** Opening SOURCE DATA block **

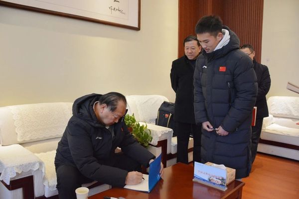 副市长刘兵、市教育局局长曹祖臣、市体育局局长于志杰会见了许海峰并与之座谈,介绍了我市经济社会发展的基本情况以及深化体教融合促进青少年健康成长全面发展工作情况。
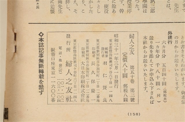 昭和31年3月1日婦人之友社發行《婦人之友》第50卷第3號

** Closing SOURCE DATA block **
** Opening SOURCE DATA block **

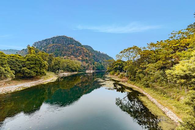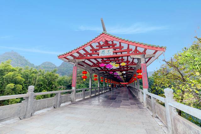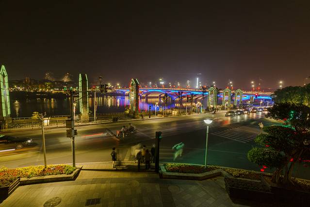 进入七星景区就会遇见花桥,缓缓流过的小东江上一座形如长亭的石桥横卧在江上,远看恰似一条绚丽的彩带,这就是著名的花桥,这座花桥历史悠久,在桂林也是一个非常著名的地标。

** Closing SOURCE DATA block **

* _PROBLEM REQUIREMENTS_:
Copy word for word the span of the records above that begins at the line with "副市长刘兵、市教育局局长曹祖" and ends at the line with "昭和31年3月1日婦人之友社發行《婦人之友》第50卷第3號", including those two lines but not the pictures.

* _ANSWER TO THIS PROBLEM_:
 副市长刘兵、市教育局局长曹祖臣、市体育局局长于志杰会见了许海峰并与之座谈,介绍了我市经济社会发展的基本情况以及深化体教融合促进青少年健康成长全面发展工作情况。
 昭和31年3月1日婦人之友社發行《婦人之友》第50卷第3號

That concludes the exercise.